I love being surprised by movies. When you read the plot for a movie, and have a slight idea on what to expect, only to watch it and realize that your expectations were not even close. Those make for some of the most enjoyable movies because of the surprises they may have in store. Today’s movie, Future Hunters, is one of those types of movies and definitely one of the “so bad, it’s good” variety.

The plot: In the year 2025, a rebel searches the wasteland for a legendary object, the head of the spear that pierced the side of Jesus. When he grabs the spear, he gets transported back in time to 1986. Fatally wounded after a fight with some bikers, the rebel entrusts the spear to a young couple, Slade and Michelle, and tells them that they must return the spear to it’s sheathe otherwise it will be used to cause a nuclear holocaust. As Slade and Michelle¬†travel to various parts of the Orient in order to fulfill the man’s request, they are constantly harassed by a group of Nazi’s that want to use the spearhead to take control of the world’s nuclear arsenal.

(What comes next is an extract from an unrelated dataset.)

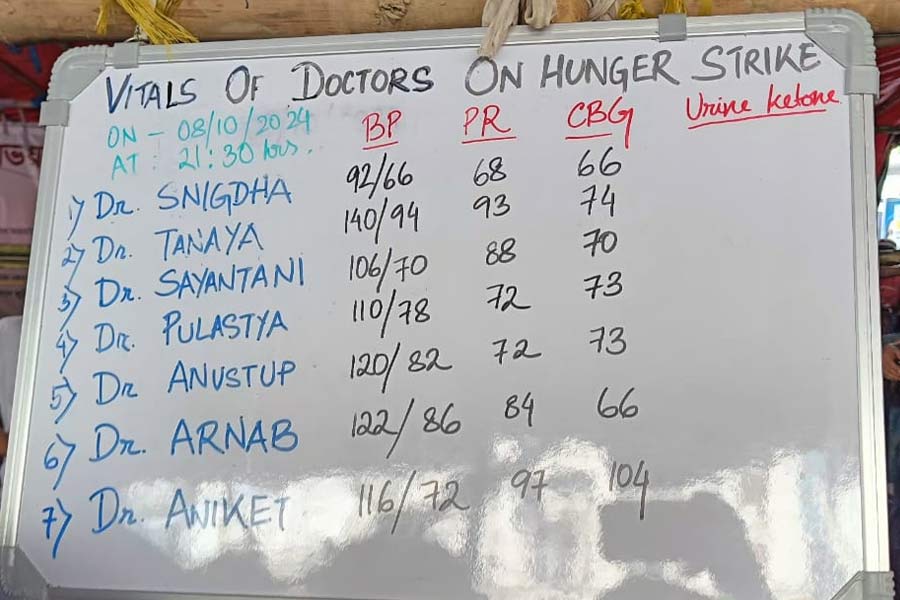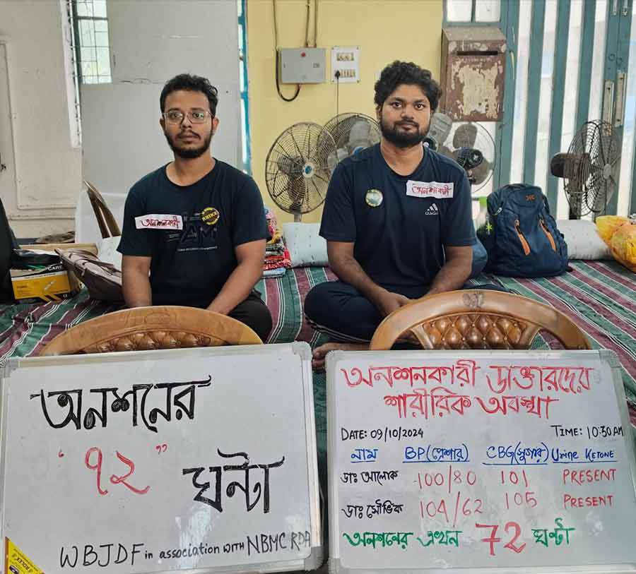 The junior doctors on hunger strike in Calcutta to demand a clean-up of the public healthcare system in Bengal in the aftermath of the rape and murder of a postgraduate trainee doctor at RG Kar Medical College and Hospital have received support from their compatriots across the country.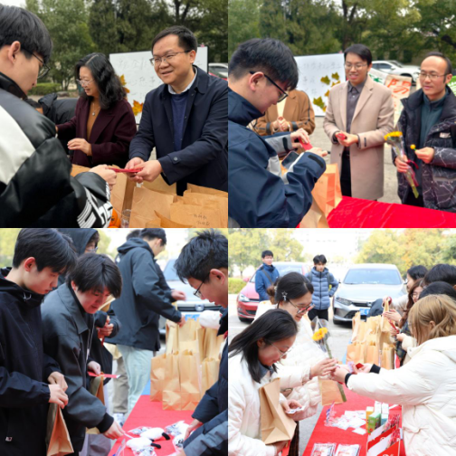 19日中午,学院在核院前坪设置展台,为同学们精心准备了抽“上上签”礼包活动,院党委副书记徐婵娟,副院长王晓冬、陈珍平、赵鹏程出席活动,班主任代表尹陈艳、张根发,辅导员朱菲菲、周华国、曾永艳、肖玉、罗上凯及部分2021级同学和低年级学生代表参与活动。

Oh my god. This movie was freaking hysterical. First of all, this was the debut film of Robert Patrick, better known to most people as the liquid metal T-1000 from Terminator 2. Now to briefly hit on all of the ridiculous things in this movie that make it so entertaining. The movie starts out looking like a Mad Max rip-off. The sound effects for the guns are the typical gunfire sounds but when the tanks fire, it sounds like a laser blast. A random kung-fu fight between Slade (Robert Patrick) and his friend against an old man who did not want them to enter a pagoda. A car chase that starts during the night and instantly finishes in the daytime. Mongol warriors on horseback fighting Nazi’s and cave dwelling midgets. Amazons fighting the Nazi’s. A few scenes that looked like they were ripped off from Temple Of Doom, such as the bridge scene and a person being eaten by crocodiles. An earthquake unleashing giant boulders that bounce off people when they hit them (cause they are obviously made of styrofoam). And several plot holes big enough to drive a semi through. All this wrapped up in about 96 minutes worth of movie that will not seem wasted.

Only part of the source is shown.